- **Exercise prompt**
Every line in the data below from the one containing "今日の献立は、カツカレーライス(ごはん、カツ)、フルーツゼリー、牛乳です。" down to the one containing "For camping enthusiasts, we", both included, must be retyped exactly; no other line is to appear.

#### Task inputs

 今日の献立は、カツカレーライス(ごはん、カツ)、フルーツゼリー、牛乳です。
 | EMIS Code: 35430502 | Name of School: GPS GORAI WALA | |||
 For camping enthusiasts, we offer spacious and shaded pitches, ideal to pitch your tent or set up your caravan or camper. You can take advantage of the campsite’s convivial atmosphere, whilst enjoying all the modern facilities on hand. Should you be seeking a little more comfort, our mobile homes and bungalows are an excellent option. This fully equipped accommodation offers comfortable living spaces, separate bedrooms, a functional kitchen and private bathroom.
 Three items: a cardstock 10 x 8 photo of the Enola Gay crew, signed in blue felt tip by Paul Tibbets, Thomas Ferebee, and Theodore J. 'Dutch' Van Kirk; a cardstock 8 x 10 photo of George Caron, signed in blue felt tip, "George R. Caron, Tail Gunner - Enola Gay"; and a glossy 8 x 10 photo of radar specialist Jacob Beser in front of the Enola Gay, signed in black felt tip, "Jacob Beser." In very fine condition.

########
#### Task inputs

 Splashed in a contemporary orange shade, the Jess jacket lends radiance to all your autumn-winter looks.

########
#### Task inputs

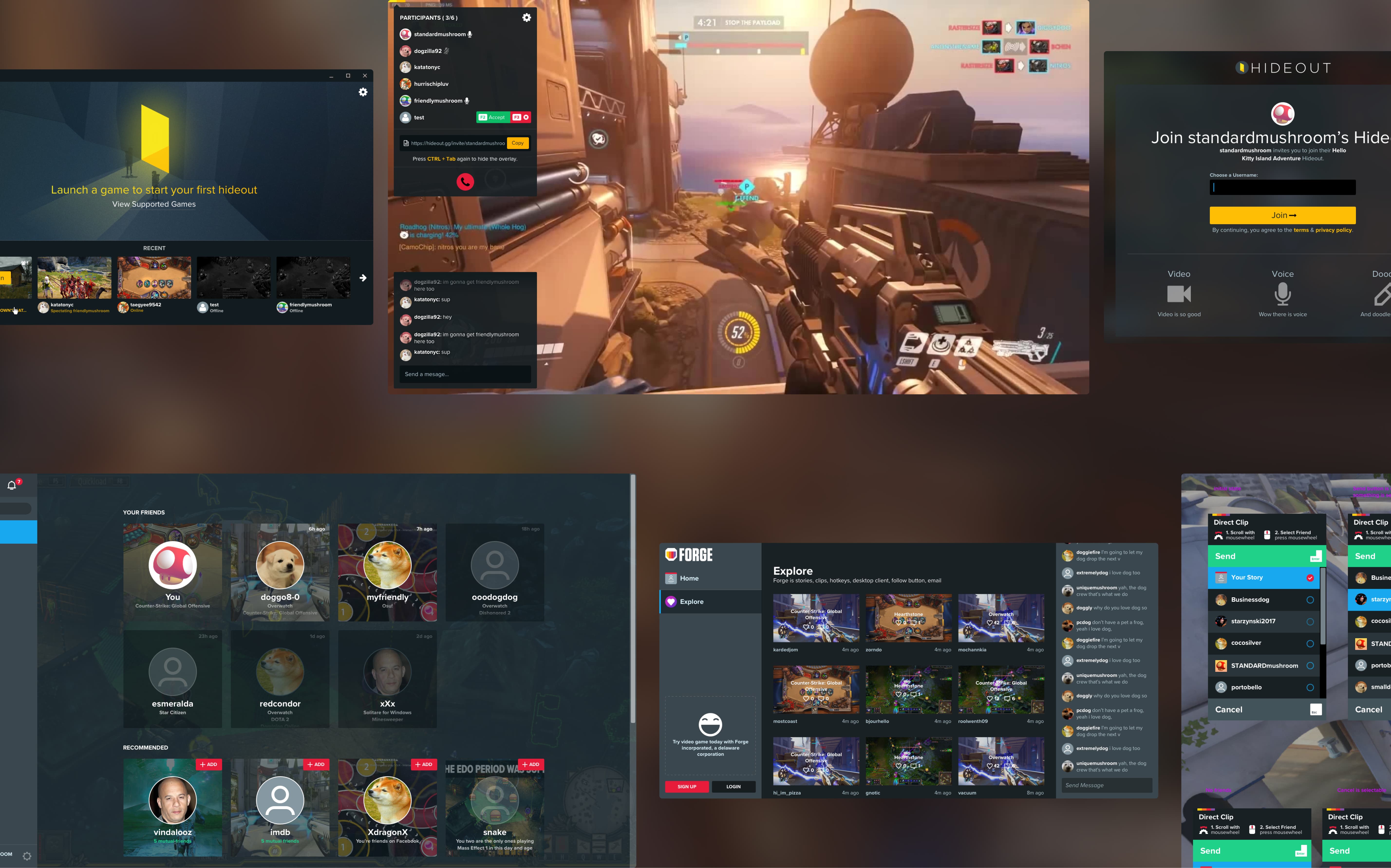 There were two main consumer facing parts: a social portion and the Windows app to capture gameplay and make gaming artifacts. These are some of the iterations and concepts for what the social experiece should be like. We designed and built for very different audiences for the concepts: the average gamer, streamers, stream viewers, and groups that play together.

########

- **Solution**
 今日の献立は、カツカレーライス(ごはん、カツ)、フルーツゼリー、牛乳です。
 | EMIS Code: 35430502 | Name of School: GPS GORAI WALA | |||
 For camping enthusiasts, we offer spacious and shaded pitches, ideal to pitch your tent or set up your caravan or camper. You can take advantage of the campsite’s convivial atmosphere, whilst enjoying all the modern facilities on hand. Should you be seeking a little more comfort, our mobile homes and bungalows are an excellent option. This fully equipped accommodation offers comfortable living spaces, separate bedrooms, a functional kitchen and private bathroom.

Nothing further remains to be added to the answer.